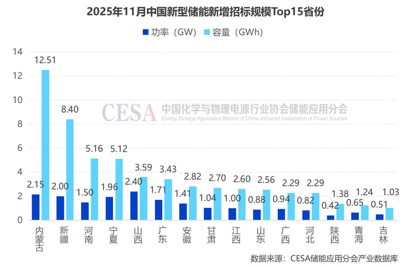 11月儲(chǔ)能新增招標(biāo)項(xiàng)目總?cè)萘恳?guī)模 Top5 省份依次為:內(nèi)蒙古、新疆、河南、寧夏、山西;總功率規(guī)模 Top5 省份為:山西、內(nèi)蒙古、新疆、寧夏、廣東。
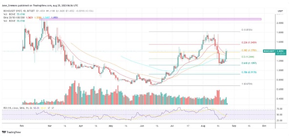 之后,BONE 将进入价格发现阶段。目标可能是 1,618 斐波那契扩展位 2.25 美元。
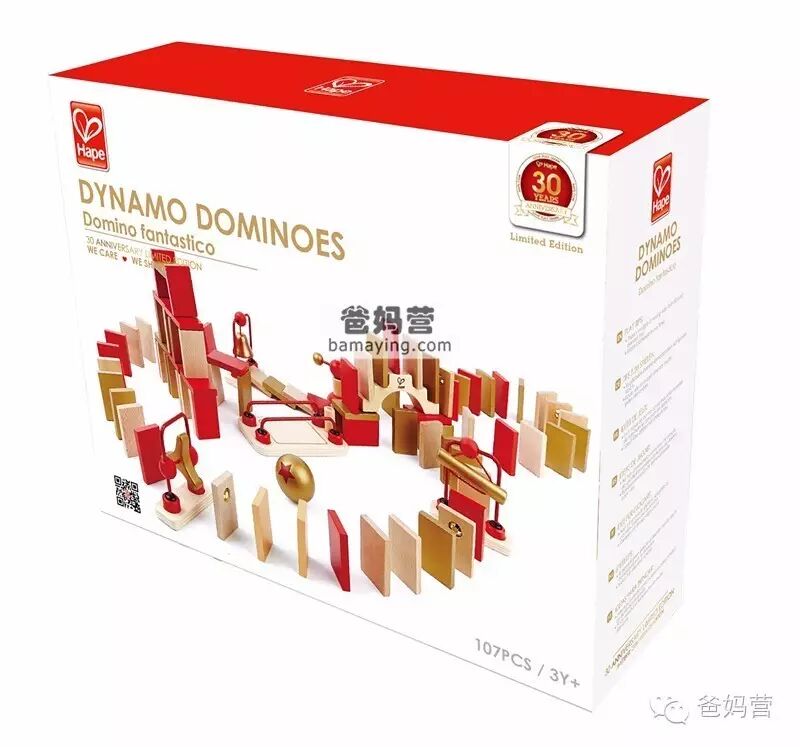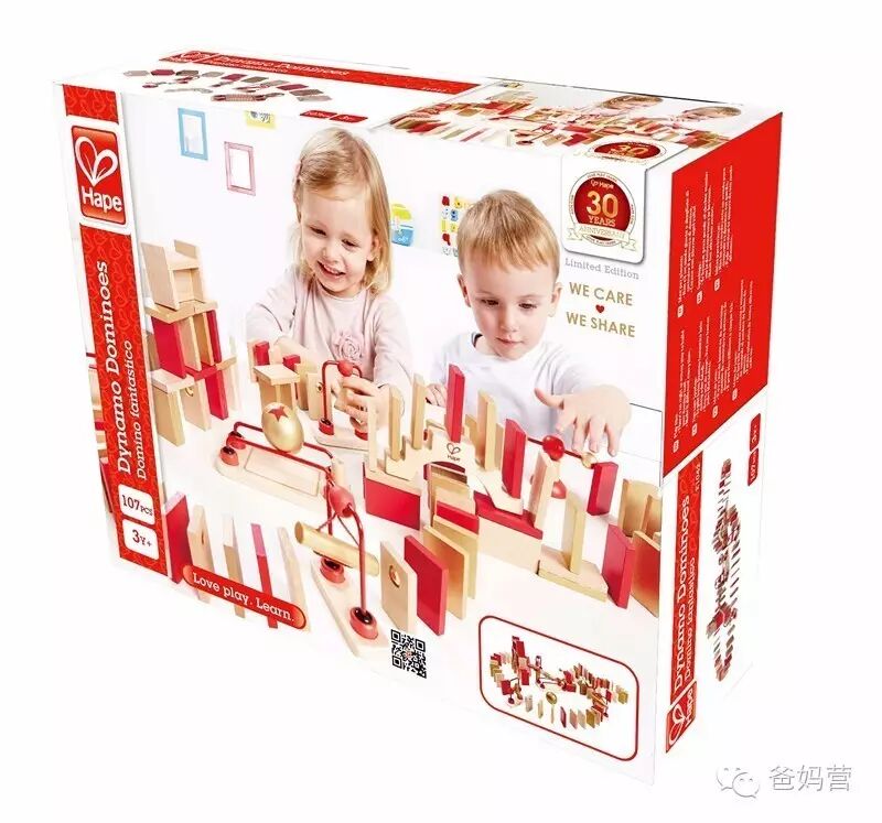 这套德国Hape的超级多米诺,这是为了纪念Hape30周年的特供版哦。积木颜色也特别加入了经典的红色与金色,和品牌loge非常配。
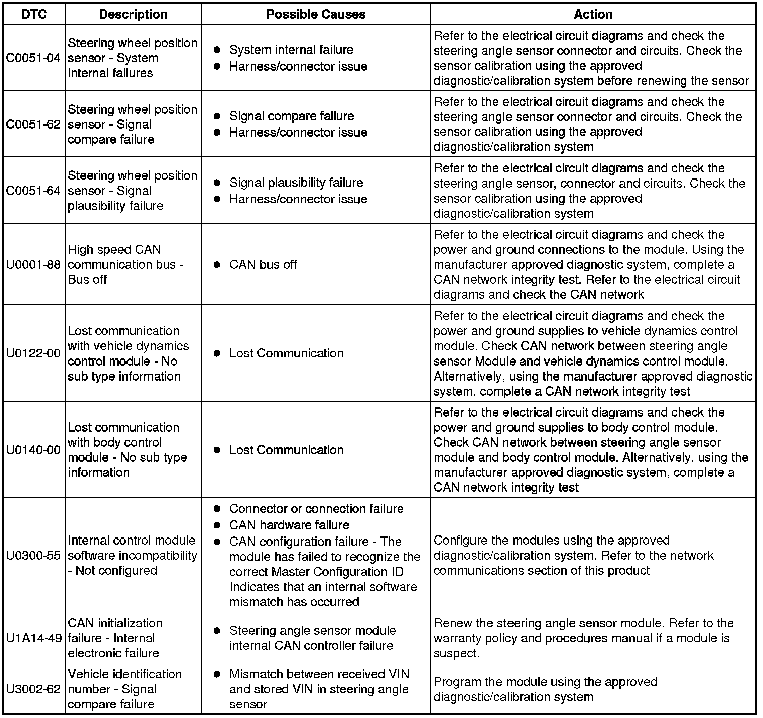 The table below lists all Diagnostic Trouble Codes (DTC's) that could be logged in the Steering Angle Sensor Module, for additional Diagnosis and Testing information refer to the relevant Diagnosis and Testing Section.
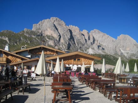 Hotel mit traumhafter BergkulisseMan sieht die große Sonnentrasse, mit dem Bergmassiv der Geisler- Spitzen im Hintergrund.

- EXERCISE GOAL
Starting at the line that holds "The table below" and ending at the last line of the material above, repeat each line exactly, both ends included, and leave the pictures out.

- ANSWER SPACE
 The table below lists all Diagnostic Trouble Codes (DTC's) that could be logged in the Steering Angle Sensor Module, for additional Diagnosis and Testing information refer to the relevant Diagnosis and Testing Section.
 Hotel mit traumhafter BergkulisseMan sieht die große Sonnentrasse, mit dem Bergmassiv der Geisler- Spitzen im Hintergrund.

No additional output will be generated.